**The input:**
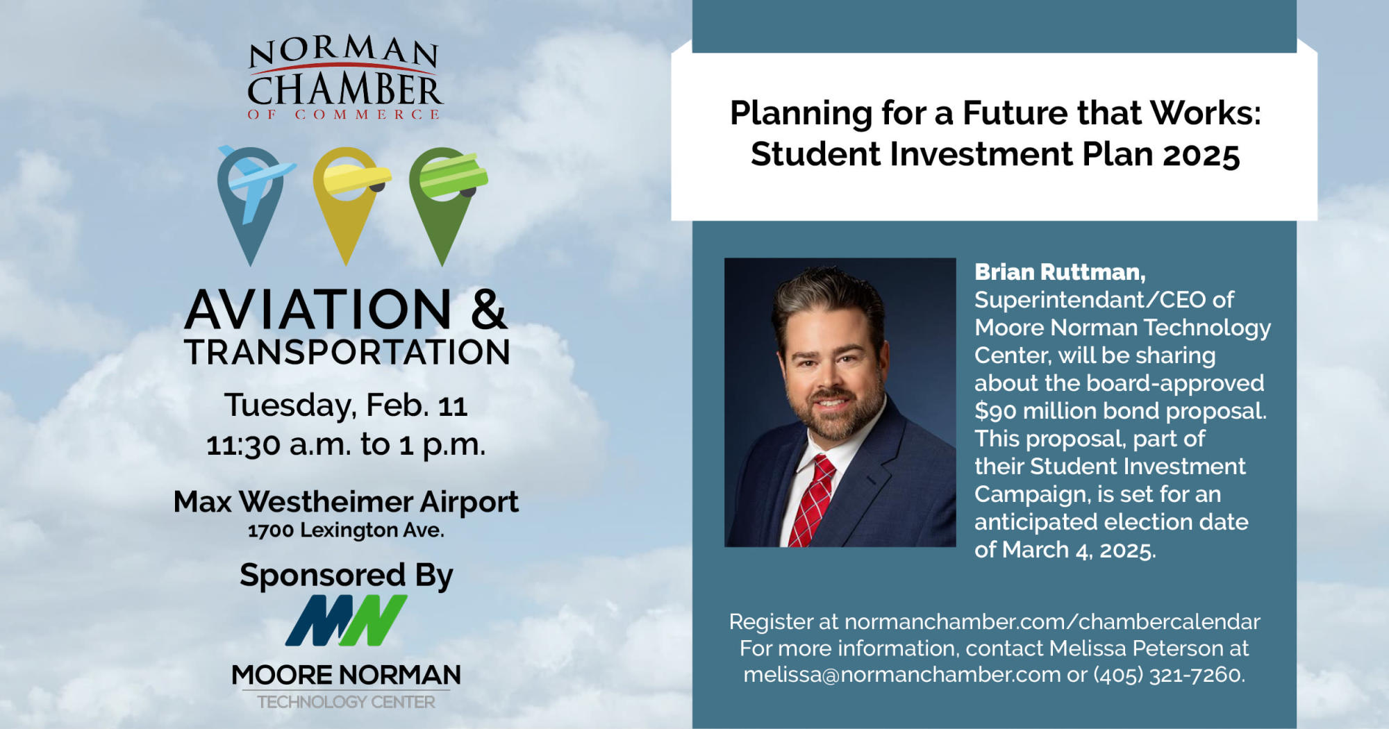 Brian Ruttman, Superintendant/CEO of Moore Norman Technology Center, will be sharing about the board-approved $90 million bond proposal. This proposal, part of their Student Investment Campaign, is set for an anticipated election date of March 4, 2025.
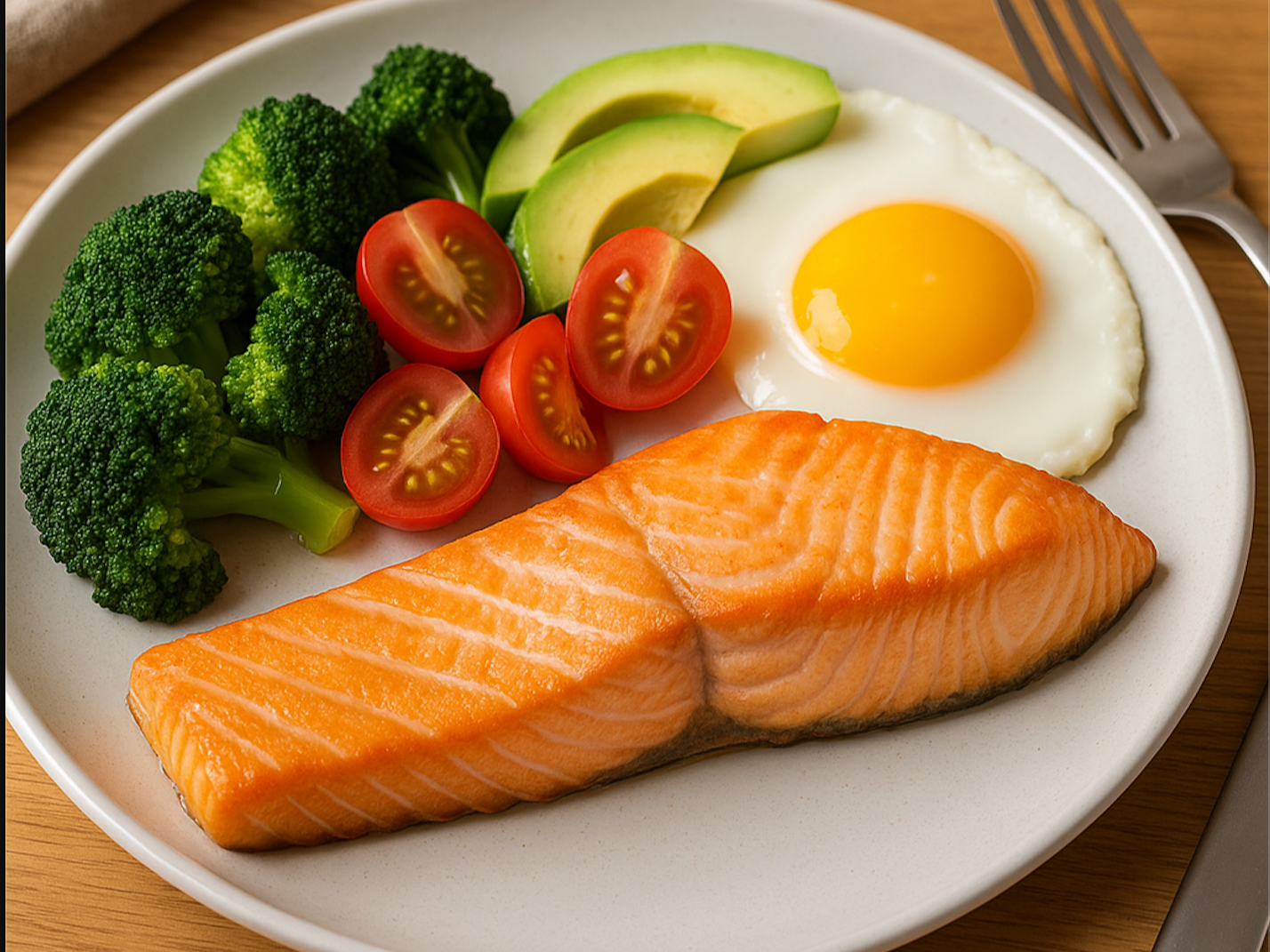 연어와 채소가 담긴 건강식 아침
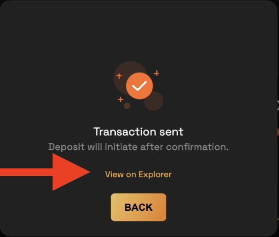 第八步:交易已发送。您可以点击"View on explorer"在 mempool 浏览器上追踪您的交易。
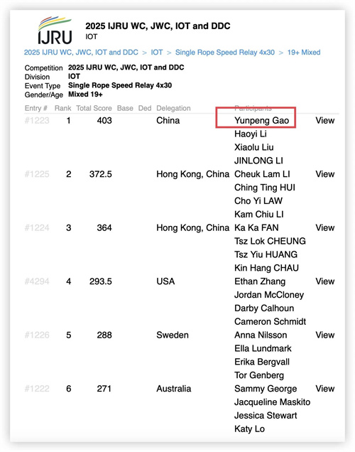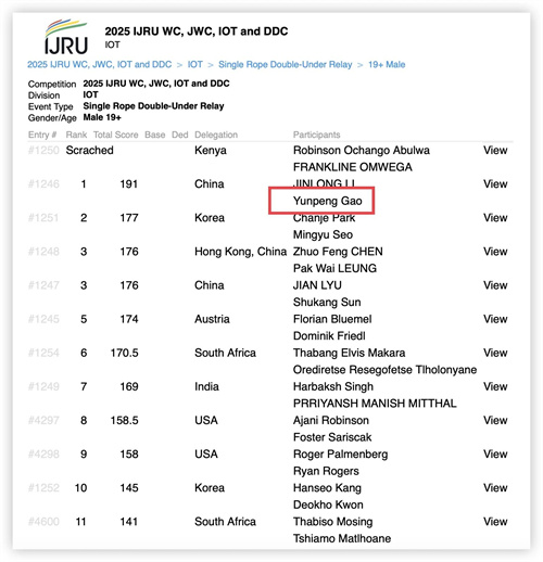 7月25日至8月4日,2025年世界跳绳锦标赛在日本川崎举行,我校体育与健康学院学生高云鹏斩获公开组19+男子双摇接力和混合组4×30秒单摇接力两项冠军,并在混合组两人同步花样项目中取得第五名。这也是我校诞生的首位世界冠军。
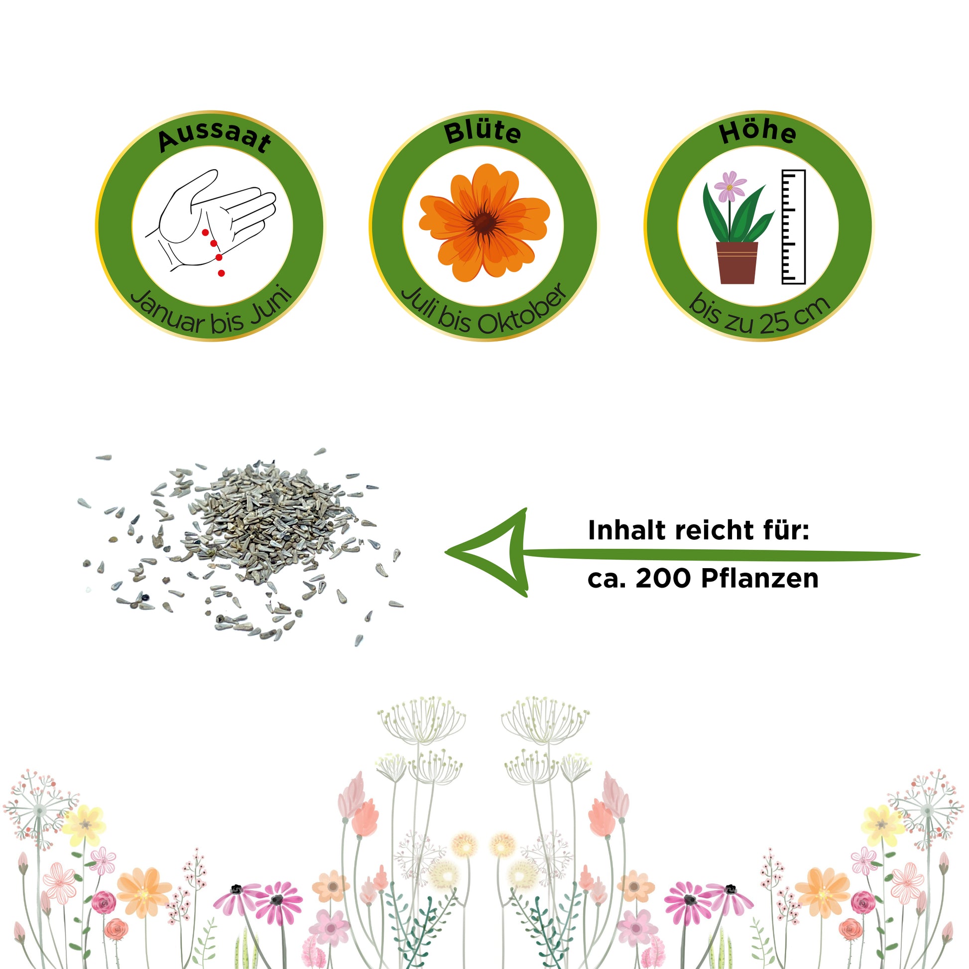 Aussaat: Aussaat von Januar bis März im Haus oder von Mai bis Juni direkt ins Freiland. Dünn mit Erde bedecken, leicht andrücken und feucht halten.
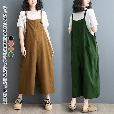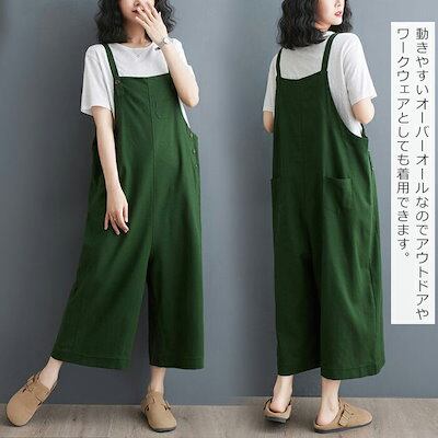 リネン サロペット レディース オールインワン キャミサロペット オーバーオール 綿麻 動きやすい ロングパンツ ワイドパンツ 長ズボン ガウチョパンツ ゆったり カジュアル ファッション 通勤 可愛
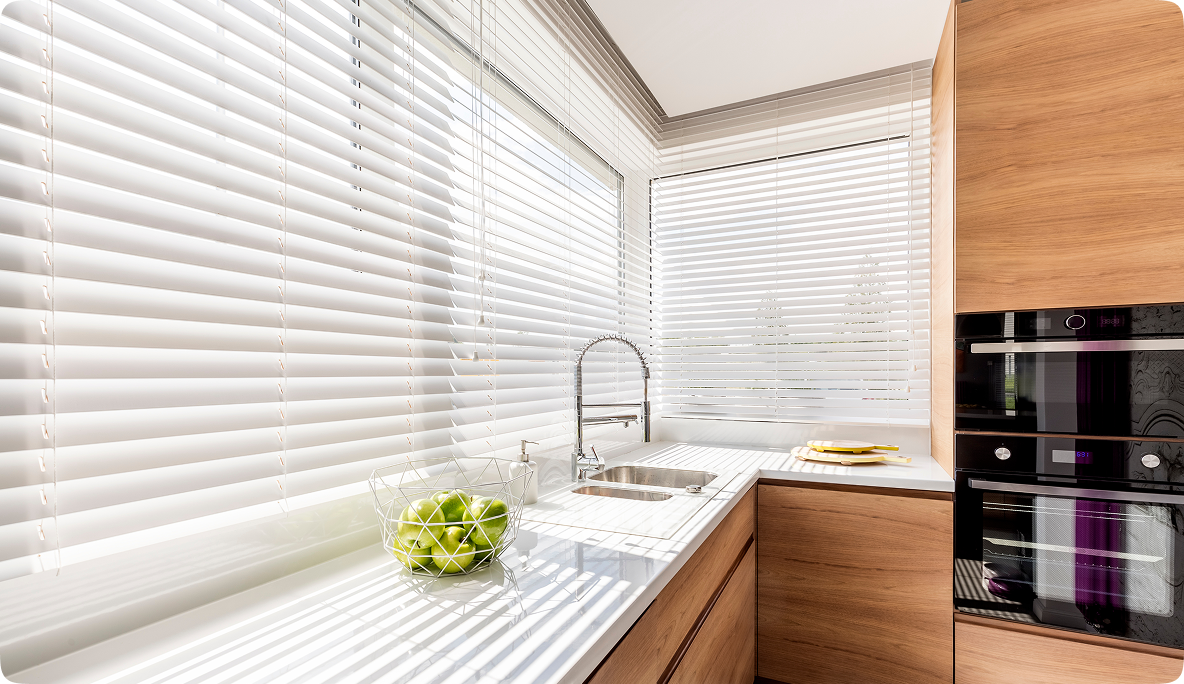 Горизонтальные жалюзи обеспечивают комфорт и регулирует уровень освещённости в помещении. Они состоят из горизонтальных ламелей, которые можно поворачивать на 90 градусов, регулируя количество света, проникающего в комнату.

**What is expected:**
Reproduce the entire listing exactly, except for any pictures it contains.

**Exercise solution:**
 Brian Ruttman, Superintendant/CEO of Moore Norman Technology Center, will be sharing about the board-approved $90 million bond proposal. This proposal, part of their Student Investment Campaign, is set for an anticipated election date of March 4, 2025.
 연어와 채소가 담긴 건강식 아침
 第八步:交易已发送。您可以点击"View on explorer"在 mempool 浏览器上追踪您的交易。
 7月25日至8月4日,2025年世界跳绳锦标赛在日本川崎举行,我校体育与健康学院学生高云鹏斩获公开组19+男子双摇接力和混合组4×30秒单摇接力两项冠军,并在混合组两人同步花样项目中取得第五名。这也是我校诞生的首位世界冠军。
 Aussaat: Aussaat von Januar bis März im Haus oder von Mai bis Juni direkt ins Freiland. Dünn mit Erde bedecken, leicht andrücken und feucht halten.
 リネン サロペット レディース オールインワン キャミサロペット オーバーオール 綿麻 動きやすい ロングパンツ ワイドパンツ 長ズボン ガウチョパンツ ゆったり カジュアル ファッション 通勤 可愛
 Горизонтальные жалюзи обеспечивают комфорт и регулирует уровень освещённости в помещении. Они состоят из горизонтальных ламелей, которые можно поворачивать на 90 градусов, регулируя количество света, проникающего в комнату.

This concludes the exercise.